THE TASK: From the first line below to the last, reproduce the material exactly and leave out the images.

INFORMATION SHOWN:
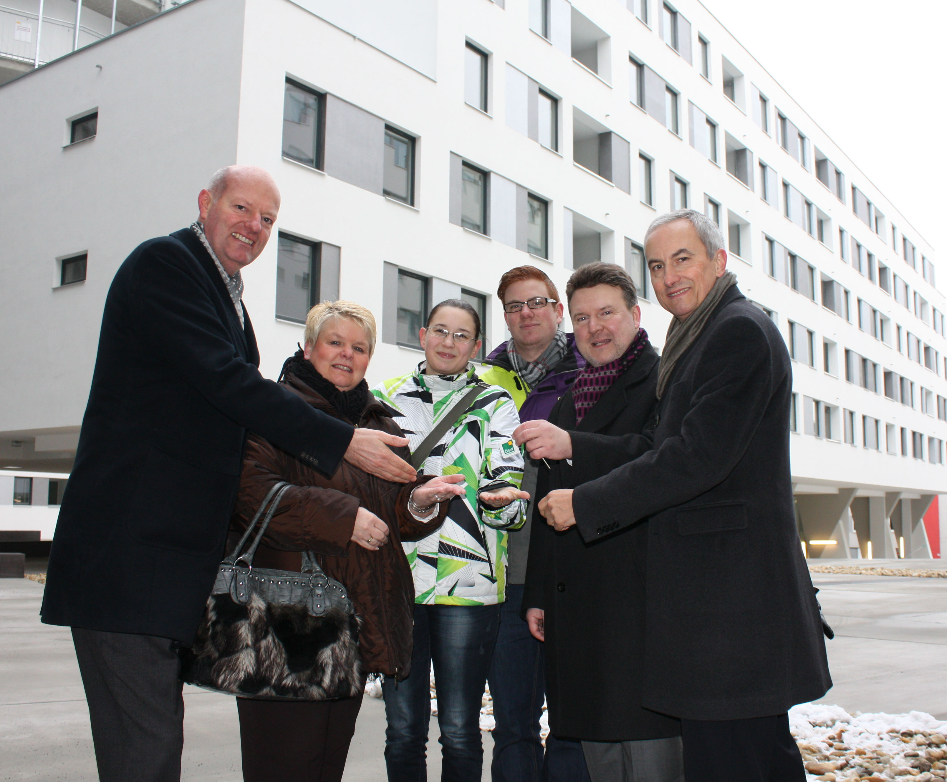 Nach knapp 2,5 Jahren Bauzeit war es am Mittwoch, 18. Jänner 2012, so weit: Die insgesamt 272 Mietwohnungen des ÖSW Projektes in der Donaufelder Straße 148-150 im 22. Bezirk wurden fertiggestellt. Die Bewohner konnten sich über den Einzug in ihr neues Zuhause freuen. Auch Wohnbaustadtrat Michael Ludwig war dabei, als Großfamilien genauso wie Paare und Singles erstmals ihre neuen Schlüssel überreicht bekamen.
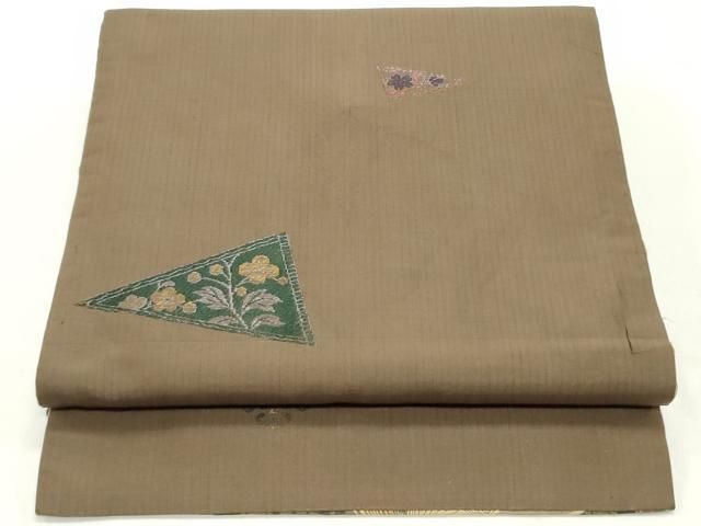 平和屋着物*夏物 アンティーク 大正ロマン 丸帯 引き抜き帯 風景草花文 金銀糸 正絹 DAAX5932cm
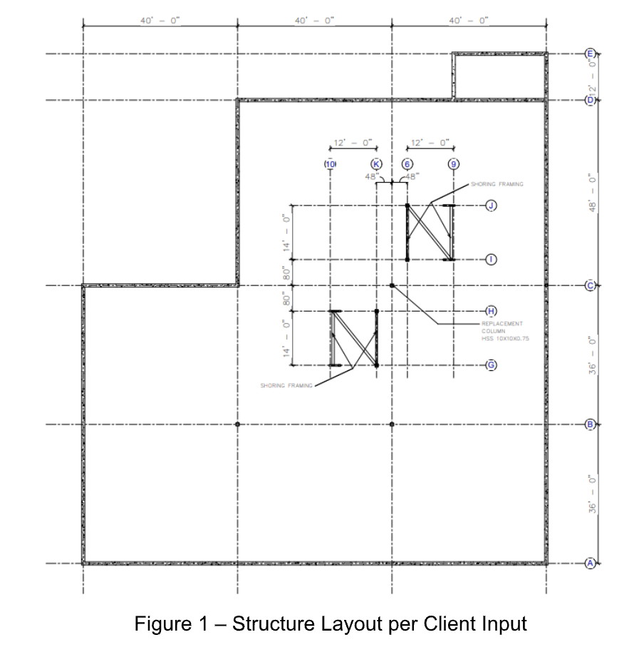 The temporary shoring system consists of a free-standing, braced steel frame designed to support the existing roof and superstructure during removal and replacement of the damaged column. Two identical shoring frames are utilized, installed symmetrically on both sides of the column, each located approximately 2 feet from the column centerline.

EXERCISE ANSWER:
 Nach knapp 2,5 Jahren Bauzeit war es am Mittwoch, 18. Jänner 2012, so weit: Die insgesamt 272 Mietwohnungen des ÖSW Projektes in der Donaufelder Straße 148-150 im 22. Bezirk wurden fertiggestellt. Die Bewohner konnten sich über den Einzug in ihr neues Zuhause freuen. Auch Wohnbaustadtrat Michael Ludwig war dabei, als Großfamilien genauso wie Paare und Singles erstmals ihre neuen Schlüssel überreicht bekamen.
 平和屋着物*夏物 アンティーク 大正ロマン 丸帯 引き抜き帯 風景草花文 金銀糸 正絹 DAAX5932cm
 The temporary shoring system consists of a free-standing, braced steel frame designed to support the existing roof and superstructure during removal and replacement of the damaged column. Two identical shoring frames are utilized, installed symmetrically on both sides of the column, each located approximately 2 feet from the column centerline.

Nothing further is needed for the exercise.